The certificate of any such firm of accountants shall be conclusive evidence of
the correctness of any computation made under this section 4. The Company shall
pay the fees and expenses of such firm of accountants in connection with any
such opinion. Upon receipt of such opinion, the Company will promptly deliver a
copy thereof to the Warrant Holder and shall make the adjustments described
therein.
4.3 Adjustment to Exercise Price. As promptly as practicable (but in any
----------------------------
event not later than five days) after the occurrence of any event requiring any
adjustment under this section 4 to the Exercise Price (or to the number or kind
of securities or other property deliverable upon the exercise of this Warrant),
the Company shall, at its expense, deliver to the holder of this Warrant either
(i) an Officers' Certificate or (ii) a certificate signed by a firm of
- --
independent certified public accountants of recognized national standing (which
may be the regular auditors of the Company), setting forth in reasonable detail
the events requiring the adjustment and the method by which such adjustment was
calculated and specifying the adjusted Exercise Price and the number of Units
(or Other Securities) purchasable upon exercise of this Warrant after giving
effect to such adjustment. The certificate of any such firm of accountants shall
be conclusive evidence of the correctness of any computation made under this
section 4.
4.4 Extraordinary Events. If and whenever the Company subsequent to the
--------------------
date hereof shall propose the (i) pay any dividend to the holders of any Shares
of the Company or to make any other distribution to the holders of any Shares of
the Company (including, without limitation, any cash distribution), (ii) offer
to the holders of any Shares of the Company rights to subscribe for or purchase
any additional Shares of the Company or any other rights or options, (iii)
effect any reclassification of the Shares of the Company (other than a
reclassification involving merely the subdivision or combination of outstanding
shares of Preferred Stock or Common Stock referred to in section 4.2(a)), (iv)
engage in any reorganization or recapitalization or any consolidation or merger,
(v) consummate any sale, transfer or other disposition of its property, assets
and business as an entirety or substantially as an entirety, (vi) effect any
other transaction which might require an adjustment to the Exercise Price (or to
the number of Units, securities or other property deliverable upon the exercise
of this Warrant), including, without limitation, any transaction of the kind
described in section 4.2(b), (vii) commence or effect the liquidation,
dissolution or winding up of the Company or (viii) amend or modify any terms,
condition or provision of its Organizational Documents then, in each such case,
the Company shall deliver to the Warrant Holder an Officers' Certificate giving
notice of such proposed action, specifying (A) the date on which the books of
the Company shall close, or a record shall be taken, for determining the
holders of Shares of the Company entitled to receive such dividend or other
distribution or such rights or options or entitled to vote in respect of any
such amendment or modification, or the date on which such reclassification,
reorganization, recapitalization, consolidation, merger, sale, transfer, other
disposition, transaction,
-11-
liquidation, dissolution or winding up shall take place or commence, as the case
may be, and (B) the date as of which it is expected that holders of Shares of
the Company shall be entitled to receive Shares of the Company, securities or
other property deliverable upon such action, if any such date is to be fixed, or
to vote in respect of any such amendment or modification.

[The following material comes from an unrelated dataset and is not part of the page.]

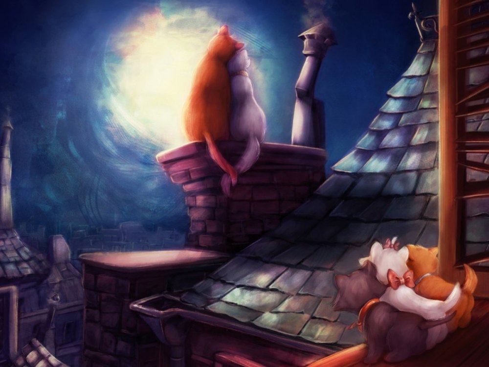 Картина коты на крыше ночью
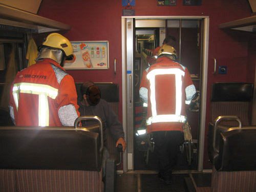 1. La zone d'embarquement et de débarquement doit étre modifiée de sorte à permettre aux personnes en fauteuil roulant de quitter le train de façon indépendante et par leurs propres forces. La rampe est trop fortement inclinée.

Such Officers'
Certificate shall be delivered in the case of any action covered by clause (i)
or (ii) above, at least 30 days prior to the record date for determining holders
of Shares of the Company for purposes of receiving such payment or offer, and,
in any other case, at least 30 days prior to the date upon which such action
takes place and 20 days prior to any record date to determine holders of Shares
of the Company entitled to receive such securities or other property or to vote
in respect of any such amendment or modification.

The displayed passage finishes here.